Since it can penetrate tissue, poisoning can occur readily through exposure of skin or eyes, inhalation, or ingestion. Symptoms of exposure to hydrofluoric acid may not be immediately evident, and this can provide false reassurance to victims, causing them to delay medical treatment. Despite its irritating vapor, HF may reach dangerous levels without an obvious odor. It interferes with nerve function, meaning that burns may not initially be painful. Accidental exposures can go unnoticed, delaying treatment and increasing the extent and seriousness of the injury. Symptoms of HF exposure include irritation of the eyes, skin, nose, and throat, eye and skin burns, rhinitis, bronchitis, pulmonary edema (fluid buildup in the lungs), and bone damage due to HF strongly interacting with calcium in bones. In a concentrated form, HF can cause severe tissue destruction through lesions and mucous membrane damage, but dilute HF is still dangerous because of its high lipid affinity, leading to cellular death of nerves, blood vessels, tendons, bones, and other tissues.

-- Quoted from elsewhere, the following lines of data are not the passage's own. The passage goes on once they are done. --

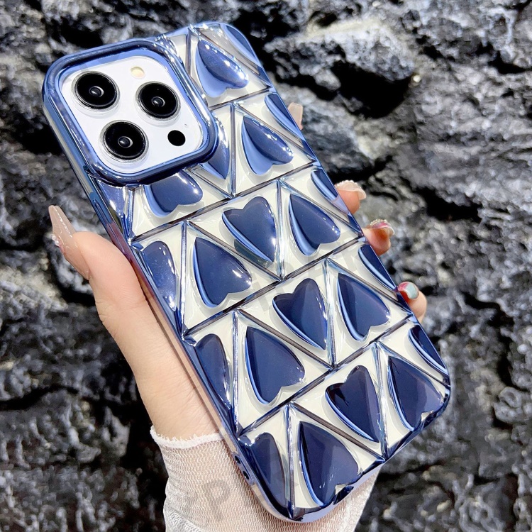 For iPhone 15 Pro TPU Phone Case Electroplating 3D Love Heart Shape Cover - Blue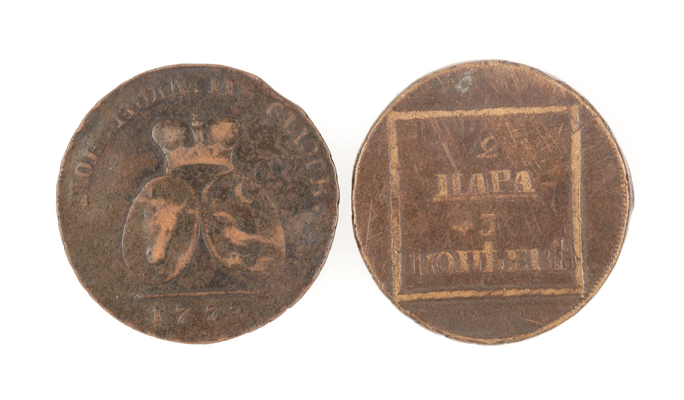 5. Lot format din două monede de 2 parale / 3 copeici 1773, provin din colecţia Dimitrie I. Ghica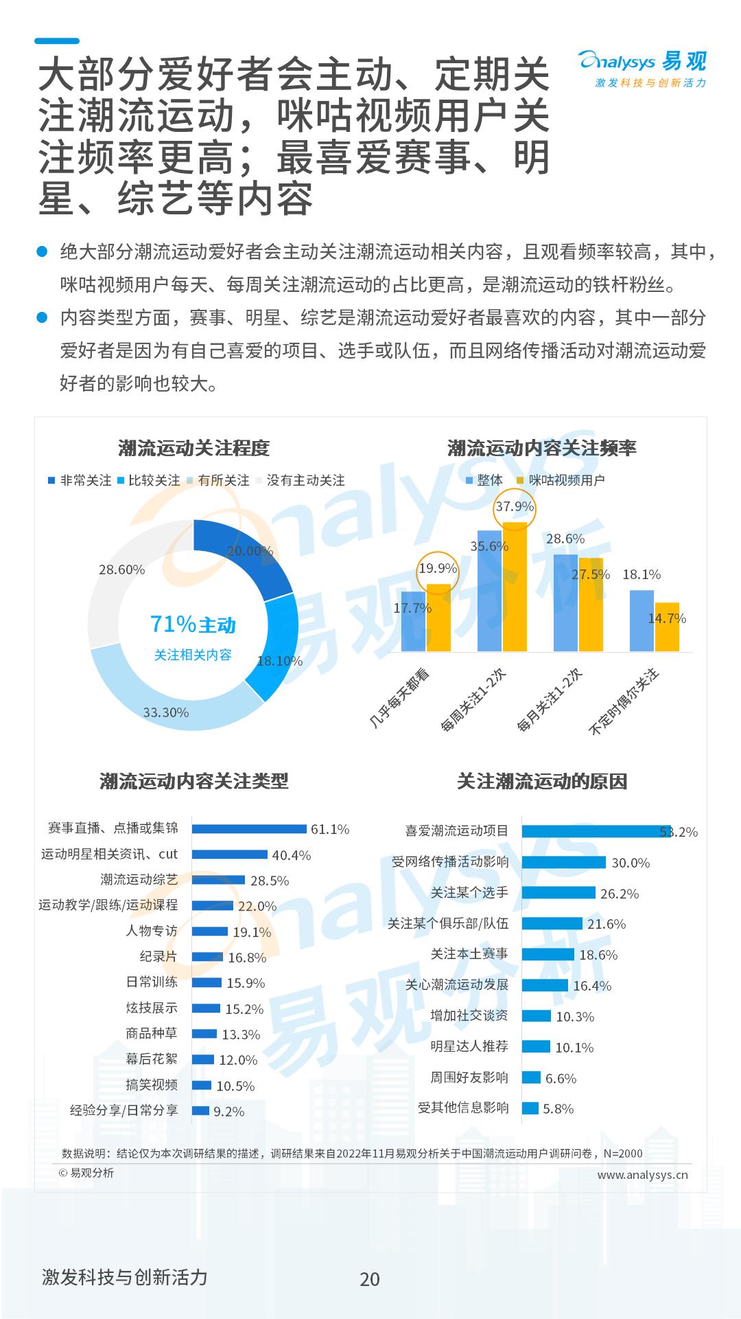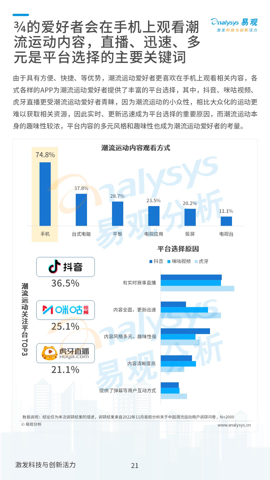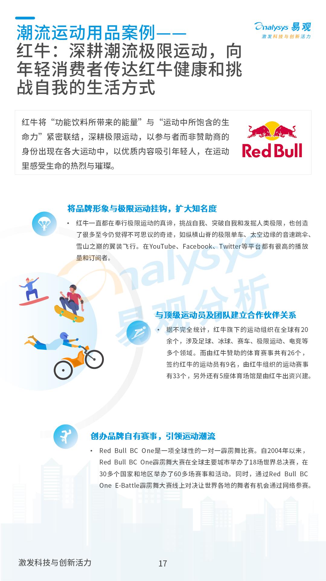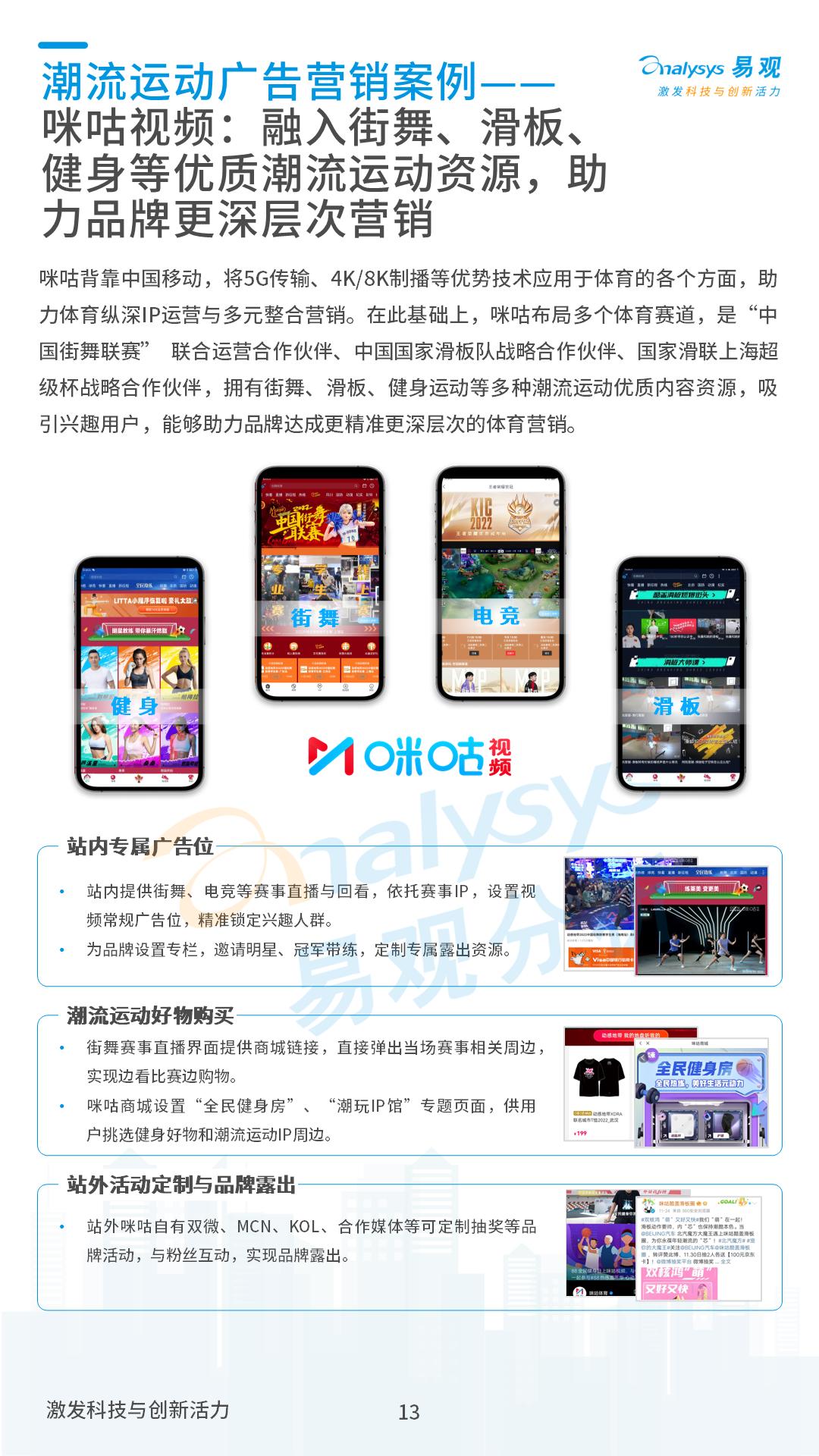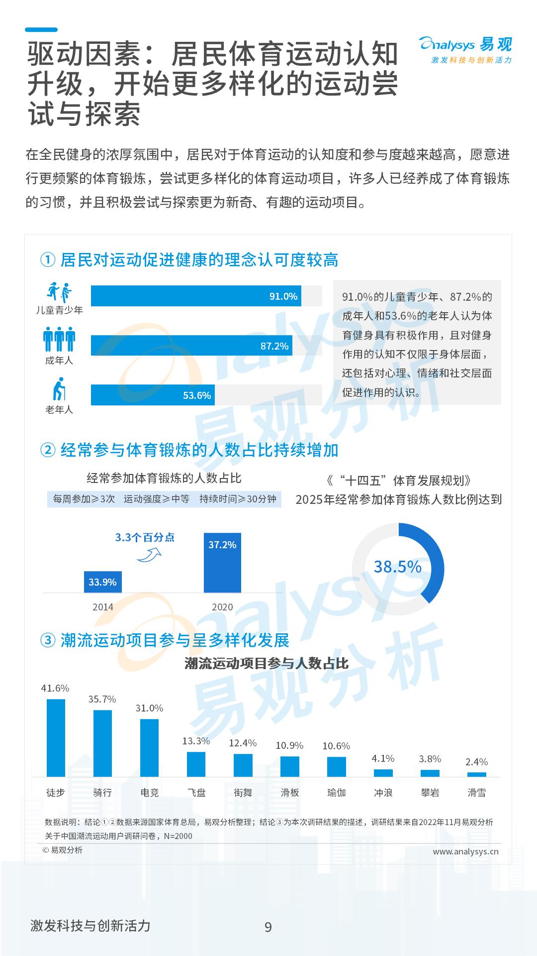 易观分析:近年来,潮流运动兴起,与传统竞技体育运动相比,潮流运动趣味性更浓、社交属性更强,而且具有休闲性、多样性、灵活性,在政策的引导、群众认知升级以及流行文化的驱动下蓬勃发展,目前已经具有广告营销、教育培训、体育赛事、运动用品等商业实践,正迎来发展机遇期。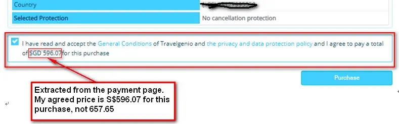Travelgenio是一家骗åä¸ä»‹ã€‚我在Tripadvisor网站上通过Travelgenioè®¢äº†ä¸¤å¼ ä¸œèˆªçš„æœºç¥¨ï¼Œ[protected]ä»Žæ–°åŠ å¡é£žå¾€ä¸Šæµ·ï¼Œé€‰ç”¨ä¿¡ç”¨å¡ä»˜æ¬¾ã€‚付款页上显示原价S$657.65,折扣S$61.58 实付S$596.07。我确定的æˆäº¤ä»·æ˜¯S$596.07ã€‚ä¸ºé˜²çº çº·ï¼Œæˆ‘è¿˜æŠŠä»˜æ¬¾é¡µé¢æˆªå±ã€‚è°çŸ¥æŒ‰ä¸‹ã€Šä»˜æ¬¾ã€‹é”®åŽï¼ŒTravelgenio从我信用å¡ä¸Šæ‰£é™¤çš„å´æ˜¯S$657.65。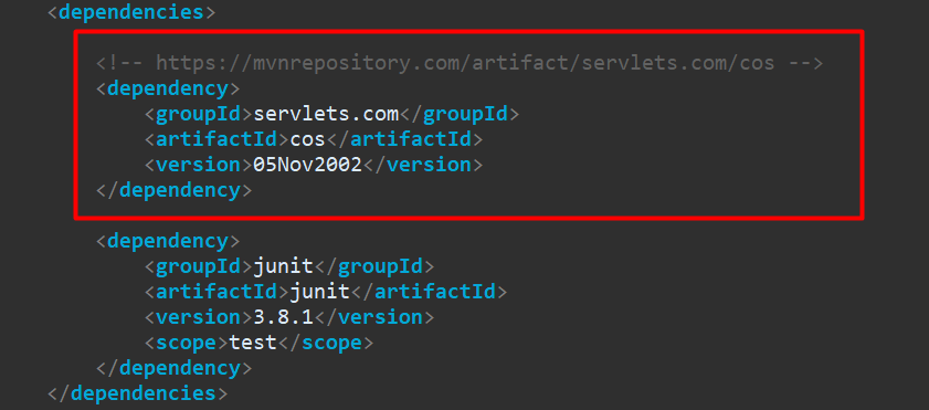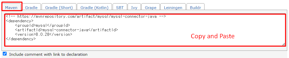 4. Copy the maven dependency tags and paste into the pom.xml file.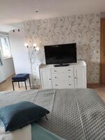 - Schlafzimmer No. 1 mit Boxspringbett (180 cm x 200 cm), 42″-TV, Einzelbett (90 cm x 200 cm), Kleiderschrank, Babybett und Wickelkommode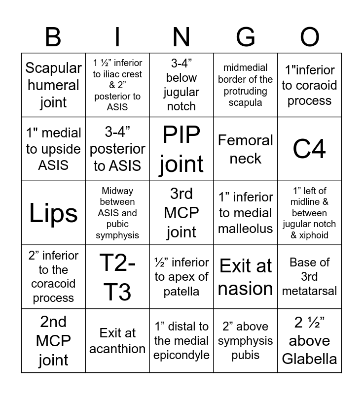 This bingo card has a free space and 24 words: T2-T3, Exit at acanthion, PIP joint, 2nd MCP joint, 1"inferior to coraoid process, Scapular humeral joint, 1" medial to upside ASIS, 1 ½” inferior to iliac crest & 2” posterior to ASIS, 1” inferior to medial malleolus, ½” inferior to apex of patella, Femoral neck, Lips, Exit at nasion, Base of 3rd metatarsal, 3-4” posterior to ASIS, 2” above symphysis pubis, 1” left of midline & between jugular notch & xiphoid, 3-4” below jugular notch, C4, Midway between ASIS and pubic symphysis, 2 ½” above Glabella, 2” inferior to the coracoid process, midmedial border of the protruding scapula and 1” distal to the medial epicondyle.
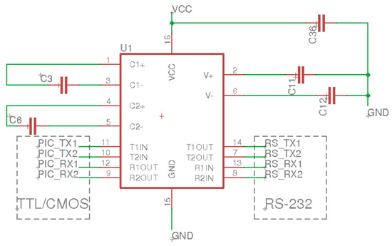 Figure 12 details the RS232 voltage level shifter circuit that was used to convert the micro-controller 3.3 V level serial signals to more robust long distance transmission signaling standard, −12 V to +12 V, that is utilized in the RS232 hardware specification and design. Corresponding component values for the schematic shown in

Cases of intestinal damage from contact with hydrofluoric acid requiring surgical intervention are rare but known in medical literature.

Hydrofluoric acid burns can be treated with calcium gluconate gel. Hexafluorine solution has been claimed to mitigate the adverse effects of burns. However, further studies have found the efficacy of the solution in reducing the longer term effects of electrolyte imbalance is almost identical to that of water rinsing.